Fortunately, we are acting on important, unprecedented ideas.  Moving this work forward methodically, in alignment with community and with urgency, will continue to be one of the greatest challenges—and opportunities—of our equity-centered initiatives.

How has your systems orientation changed because of Fulcrum Fellows?  How does this show up in your work?
I’m fortunate to be participating in both the Fulcrum Fellows and Connect Capital programs where I have additional exposure to CCI’s frameworks, so it has changed quite a bit.
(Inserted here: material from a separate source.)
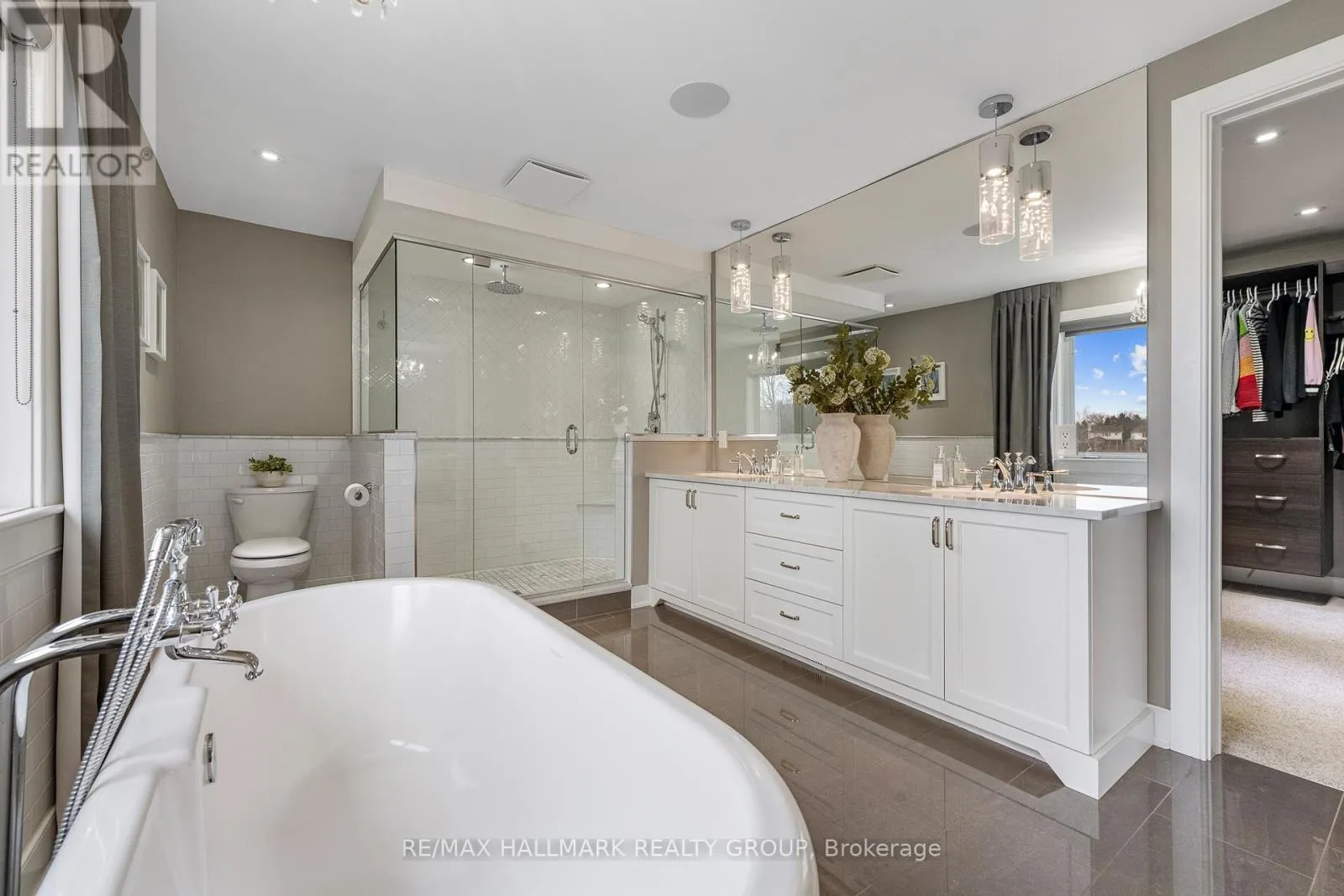 Cross Streets: KNUDSON & SHAUGHNESSY. ** Directions: 417W to Eagleson/March exit, straight thru on Campeau. Right on Knudson, left at stop sign to stay on Knudson, left on 2nd Shaughnessy. Aesthetically pleasing custom home epitomizes luxurious living and contemporary elegance. Grand foyer sets the tone. Hardwd, recessed lighting & flat ceilings are extended thru-out the main level. Entertain in uncrowded comfort in the spacious living & dining rms, featuring an attractive fireplace & coffered ceiling. Glass doors fill this room with natural light and offer direct access to the screened porch. The gourmet kitchen combines style with functionality & offers a significant island & high-end appliances including flush-mount refrigerator & 6-burner gas stove. A spacious eating area and every cook's dream, a huge walk-in pantry, will be welcome features. The open concept great rm will be the heart of this home, enjoying a gas fireplace & tranquil views. Main level study is ideal for those who require a home office. Huge laundry/mud rm was built with the growing family in mind. Comfort characterizes the 2nd level, which includes an expansive primary suite w huge custom closet & sumptuous ensuite. Four add'l bedrms (2 w Jack-&-Jill bath) are well-proportioned. Main bath & 2 linen closets complete this level. Lower level, developed to the same high standards as the rest of the home, includes recreation rm w fireplace, exercise room w laminate floors & 6th bedrm w access to full bath w heated floor. Plenty of storage space remains. Last but not least, western exposure & gracious landscaping front & back will encourage outdoor enjoyment, offering inground pool, BBQ deck, patio & putting green. Extensive renovation in 2016 added 2 bedrooms, full bath and a reconfiguration of original space. Don't miss these extras! Inground pool (heater 2024, liner 2025), screened porch w heated floor, flat ceilings & recessed lighting thru-out, built-in speakers, heated floors in bathrooms, HRV, humidifier, in-ground sprinkler, EV charging outlet in garage. This home is a TEN! If first class is your way of life, you have just found your new home. (id:27476)
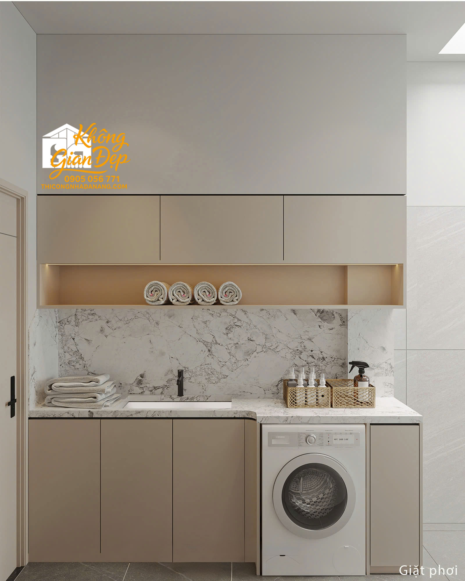 Với diện tích nhà phố, việc tích hợp công năng là vô cùng quan trọng. Chúng tôi đã khéo léo bố trí khu vực giặt sấy ẩn mình tinh tế ngay gần khu vực bếp/sân sau, giúp việc nội trợ trở nên thuận tiện hơn bao giờ hết.

With how much need there is in the community due to historical and current disparities and inequities, I tend to focus on the actions we can take now.  Through the fellowship, I’m getting to a place where I can hold a system-level perspective, giving myself time to think about the entire system and what is needed, making sure to think holistically about our investments and how we increase the capital absorption capacity of the community and attract external partners who can help us effect change at the scale that is needed, both in the short- and long-term.

What most excites you looking ahead to the rest of the year?
I’m excited to continue learning from the other fellows.  I’m looking forward to making sense of the tools and processes I will continue to learn through the fellowship.  We have learned so much and now I want to figure out how I will share these learnings with my colleagues and put them into practice.  It will be great to continue working with my colleagues and Duwamish Valley community members, workers, and businesses on the Resilience District approach and, hopefully, see it come to fruition. ¡Si se puede!